Several studies show a large potential for improvement of the energy efficiency in industry through process integration. So far, however, few of the identified measures have been implemented. One reason is that the profitability of making these investments is dependent on the values of parameters such as investment costs, operating availability of new technologies, and future energy prices and policy instruments – all of which are highly uncertain. Another reason to the low implementation rate is probably that it is difficult to understand how the potential for different process integration measures interplay in a long-term perspective.
While researches usually identify the most radical, visionary measures, industry legitimately decide on the safe investments with a short payback time but relatively small energy savings. For industry itself it would probably be more cost-effective to make the more long-term, strategic investments if these can be shown to be robust enough both technically and economically. It is therefore important to increase the knowledge of the consequences of decisions, the order in which decisions are made, and the implications for later decisions.

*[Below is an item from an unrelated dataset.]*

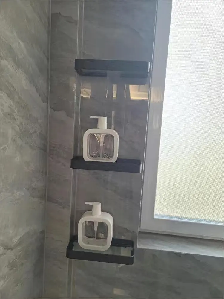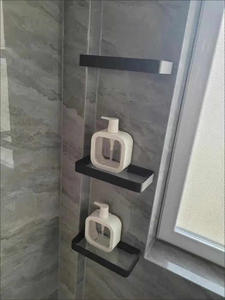 Ванная комната полка Алюминий квадратная душевая полка Стекло душевая полка черная отделка для хранения стойка для хранения корзины Ванная комната аксессуар

Decisions must be strategically right, robust enough (that is, profitable under different future scenarios) and well analyzed with respect to uncertain parameters. Traditionally, the effects of uncertainties have been studied through sensitivity analysis or scenario analysis. To improve the understanding of risks, opportunities, and robustness related to major decisions under uncertainty, it is more advantageous to use methods from stochastic programming. These methods can also be applied in process integration studies. With a method that is based on stochastic programming, the information to base decisions on can be substantially improved, and thereby new systems solutions can be implemented.
The aim of the project is to develop a method for optimization of process integration investments under uncertainty. The method should be based on existing methods and tools used in stochastic programming and process integration. Uncertain parameters to consider are, for example, future energy prices, policy instruments, and operating availability. Furthermore, the methodology should be possible to use for studies of the effects of lock-in situations, that is, how decisions made with a short-term perspective can make it impossible or substantially more expensive to make strategic and radical changes in the future. One part of the project is also to study how optimization can be made with respect to several, partly conflicting objectives, such as the net present value versus CO2 emissions reductions.
If all possible measures that are identified in a process integration study could be implemented, the energy saving would be substantial. That is, however, usually not the case. Some measures can be combined, others can only be combined under certain restrictions, and others not at all. A deep understanding of the process integration is demanded to identify and quantify these opportunities. The methodology developed in the project should make it possible to optimize these complex combinations of different process integration measures.
The overall aim of the project is to use the developed methodology to show how to identify and quantify the large potential for cost-effective energy savings that exist in an industrial energy system, the risks that are associated with the investments required to reach these energy savings, and the importance of making the right series of decisions in a long-term, strategic perspective.
The project is carried out within the Process Integration research programme, and is financed by the Swedish Energy Agency and the Södra Foundation for Research, Development and Education.